The allegory of the vampire as financial predator continues long after this period and the issues of Le Vampire (1831), and was most popularly seen in the work of Karl Marx, as demonstrated by Nick Groom in his work The Vampire: A New History (2018). Groom observes the development of the vampire as a symbol of capitalist parasitism in the nineteenth century, from writers like Moses Hess, who in his 1845 essay ‘Das Goldwesen’ described money as ‘“the coagulated blood of those who suffer”’, and that by going to market to gain capital, it ‘“cannibalistically suck[s] nourishment from its own fat”’ (Qtd. in Groom 2018: 3139; Biale 2007: 177), to Michael Davitt, who in 1880 saw the land-owners in Ireland as ‘“the brood of cormorant vampires that have sucked the life-blood out of the country”’ (Qtd. in Groom 2018: 3152-58). As Groom notes, the most eloquent and sustained articulation of the vampire as capitalist comes from Marx himself, who wrote in his notes towards Grundrisse (1857-58) that:
Capital posits the permanence of value (to a certain degree) by incarnating itself in fleeting commodities and taking on their form, but at the same time changing them just as constantly. [. . .] But capital obtains this ability only by constantly sucking in living labour as its soul, vampire-like [. . .] sucking its living soul out of labour. (Marx 1973: 646; Groom 2018: 3173)

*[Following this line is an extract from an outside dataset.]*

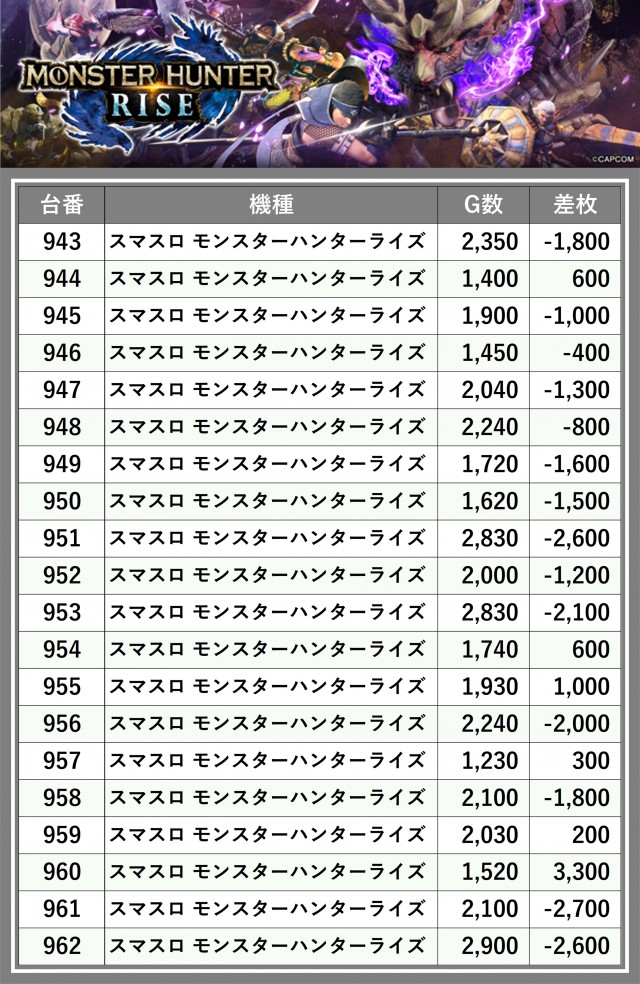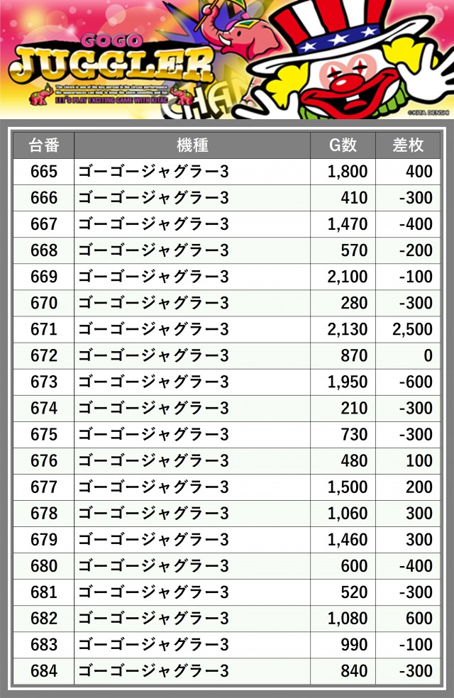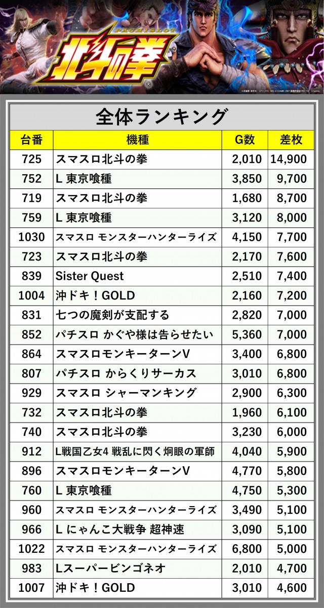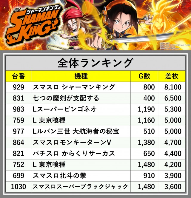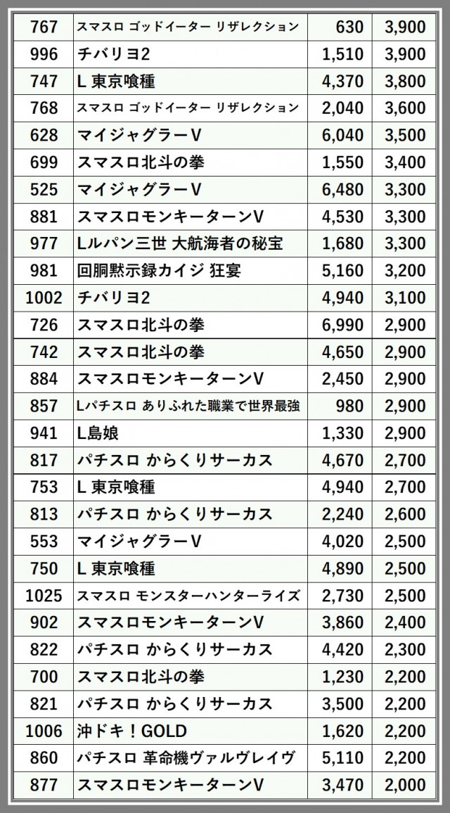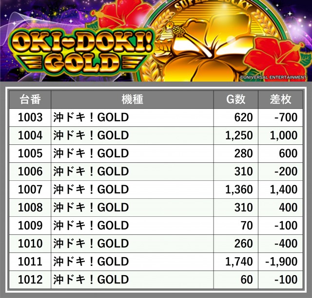 厳選された取材対象機種をはじめ、その他スロット全体から好記録が飛び出した!プレイヤーが楽しんだ1日を下記データにて振り返ってみて欲しい。
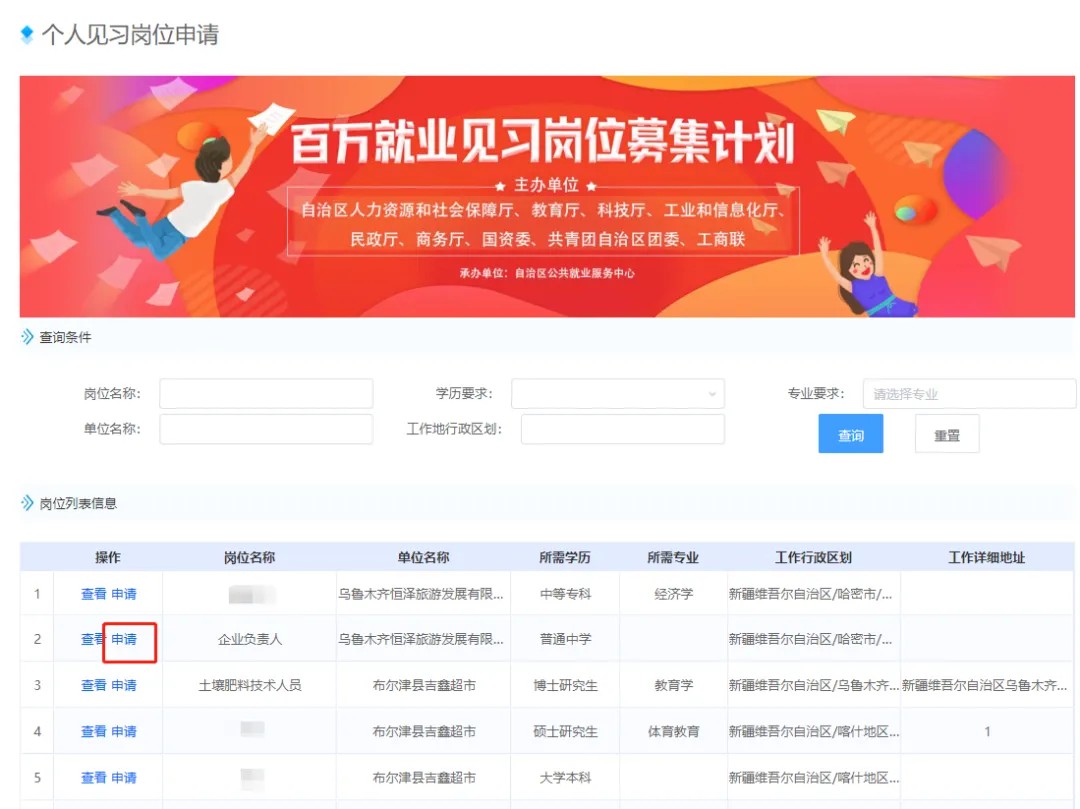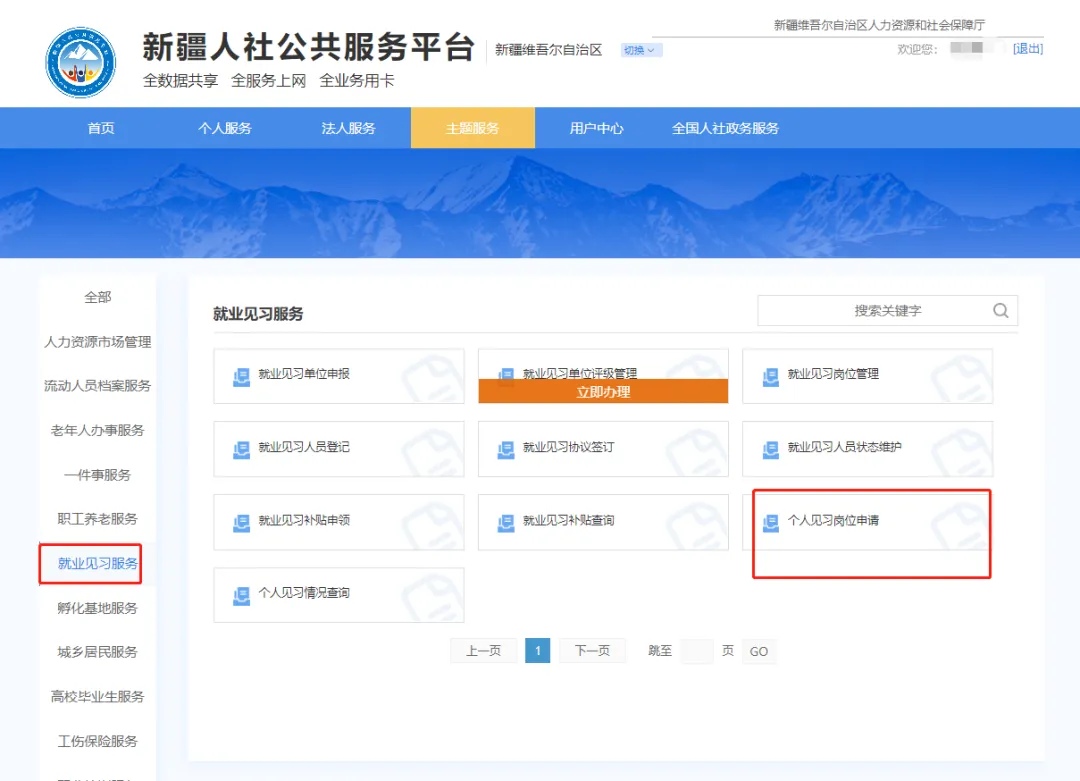 功能入口:主题服务-就业见习服务-个人见习岗位申请,办理业务:见习生申请见习。

As Groom remarks, Marx most famously repeats this in Das Kapital (1867), where he writes that ‘“capital is dead labour which, vampire-like, lives only by sucking living labour, and lives the more, the more labour it sucks”’ (Marx 1990: 342; Groom: 3173-83). Following the observations of Terrell Carver, Groom asserts that ‘Marx’s vampirology derives from Enlightenment philosophy rather than the escalating popular appetite for supernatural fiction’ (ibid: 3206). While this is possibly the case (although, as Groom also notes, Marx gives a much more graphic description of the vampire capitalist later in Das Kapital, adapting a quotation from Engel’s essay on the ‘The English Ten Hour Bill’ (1850) [Groom: 3183-94]), it must be said that Marx’s definition of the allegorical vampire and what it sucks has fundamentally changed from the definitions of coin exchangers and speculators being vampires in the eighteenth century, since the vampire now specifically sucks labour. This is in keeping with Marx’s view that it is the exploitation of labour which gives surplus value to a product for the capitalist when the labourer creates it (Marx 1990: 69), further augmented by the subsequent creation of machinery, which absorbs the worker’s traditionally ‘fixed capital’ of skill into the ‘circulating capital’ of raw material and the end product; this effectively objectifies the worker as part of the process of creating capital (Marx 1973: 699-700). Indeed, the vampire metaphor in such a sucking and deadening of labour is naturally allied to Marx’s further description of machine-based capitalism being ‘monstrous’ in the ‘disproportionate’ ferocity of its exploitation of labour time (Marx 1973: 705), and thus radically transforms the earlier, much less elaborate and almost dead vampire metaphors used to describe how currency-trading ‘sucks’ the blood of a people’s or a nation’s finances, employed by the likes of Charles Forman in 1641. Le Vampire (1831) can help us gain partial insight into the development of the vampire as capitalist during the nineteenth century, particularly in France, as it allegorizes the process from the revolution’s overthrow of feudalism to the incipient bourgeois monarchy of Orleans. Marx himself did much to condense and describe this process in the first three chapters of Le Dix-Huitième Brumaire de Louis Napoleon Bonaparte (1852).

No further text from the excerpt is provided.